**WHAT THE TASK REQUIRES:** All of the data should be restated word for word, with the pictures omitted.

**DATA SECTION:**

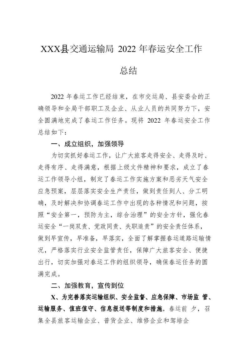 / XX县交通运输局2022年春运安全工作总结(20220310)
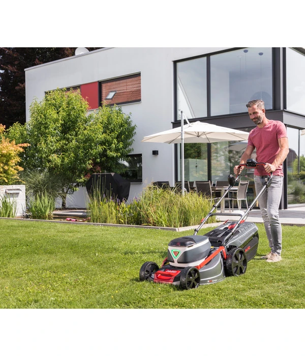 Zu nennen sind beispielsweise der praktische Varioantrieb, das neue smart-drive Cockpit und die smart Button Funktion. Mit diesen Innovationen erhalten Sie den Zugriff auf diverse Daten und Funktionen wie den Ladezustand der Akkus, die Aktivierung des ECO-Modus zum aktiven Energiesparen oder die Verbindung zu Ihrer AL-KO inTouch App. Damit lassen sich viele Informationen ablesen oder eventuelle Fehlermeldungen anzeigen. Selbstverständlich verfügt der Akku-Rasenmäher 512 LI VS-W Premium der Marke AL-KO über eine vielstufige zentrale Schnitthöhenverstellung sowie eine großvolumige Auffangbox für das Schnittgut. Unterstützt werden Sie zudem durch eine effektive Füllstandsanzeige und die hilfreiche Mulchvorrichtung. Die beiden für den Betrieb notwendigen Akkus und das passende Ladegerät sind im Lieferumfang bereits enthalten. Also, worauf wollen Sie noch warten? Bestellen Sie sich den schicken AL-KO Akku-Rasenmäher 512 LI VS-W Premium und genießen Sie höchsten Komfort bei der Pflege Ihrer Grünfläche!
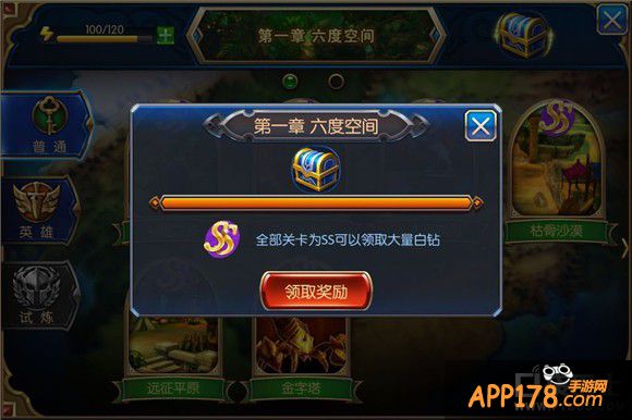 机智的玩家一定看到了,在副本章节名称的右边有个宝箱的按键。如果此章节全部关卡评价都为双S,就可以打开宝箱,宝箱中含大量白钻。前期的副本要得到双S评价还是蛮容易的。后期的副本要注意自己的走位,还有技能的衔接。
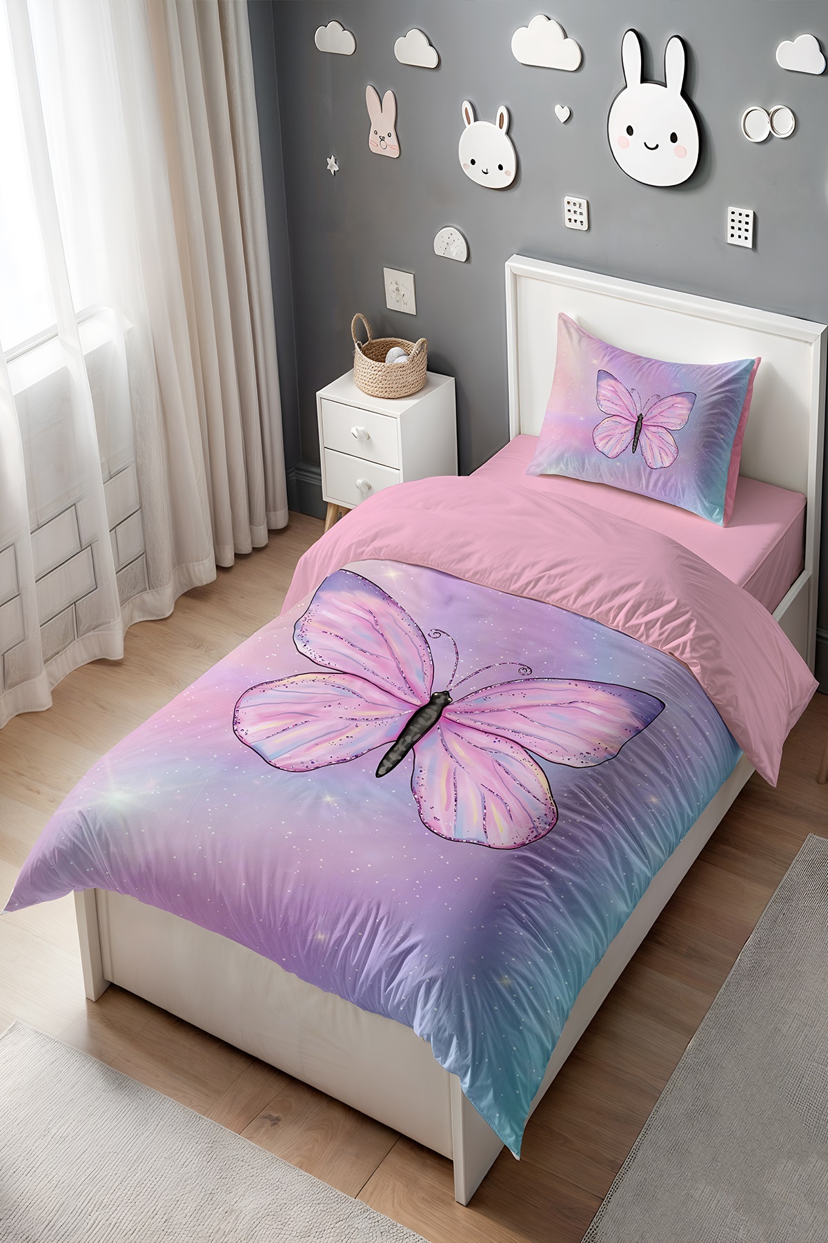 EVPANYA Işıltılı Kelebek Desenli Tek Kişilik Bebek Çocuk Nevresim Seti

**COMPLETED EXERCISE:**
 / XX县交通运输局2022年春运安全工作总结(20220310)
 Zu nennen sind beispielsweise der praktische Varioantrieb, das neue smart-drive Cockpit und die smart Button Funktion. Mit diesen Innovationen erhalten Sie den Zugriff auf diverse Daten und Funktionen wie den Ladezustand der Akkus, die Aktivierung des ECO-Modus zum aktiven Energiesparen oder die Verbindung zu Ihrer AL-KO inTouch App. Damit lassen sich viele Informationen ablesen oder eventuelle Fehlermeldungen anzeigen. Selbstverständlich verfügt der Akku-Rasenmäher 512 LI VS-W Premium der Marke AL-KO über eine vielstufige zentrale Schnitthöhenverstellung sowie eine großvolumige Auffangbox für das Schnittgut. Unterstützt werden Sie zudem durch eine effektive Füllstandsanzeige und die hilfreiche Mulchvorrichtung. Die beiden für den Betrieb notwendigen Akkus und das passende Ladegerät sind im Lieferumfang bereits enthalten. Also, worauf wollen Sie noch warten? Bestellen Sie sich den schicken AL-KO Akku-Rasenmäher 512 LI VS-W Premium und genießen Sie höchsten Komfort bei der Pflege Ihrer Grünfläche!
 机智的玩家一定看到了,在副本章节名称的右边有个宝箱的按键。如果此章节全部关卡评价都为双S,就可以打开宝箱,宝箱中含大量白钻。前期的副本要得到双S评价还是蛮容易的。后期的副本要注意自己的走位,还有技能的衔接。
 EVPANYA Işıltılı Kelebek Desenli Tek Kişilik Bebek Çocuk Nevresim Seti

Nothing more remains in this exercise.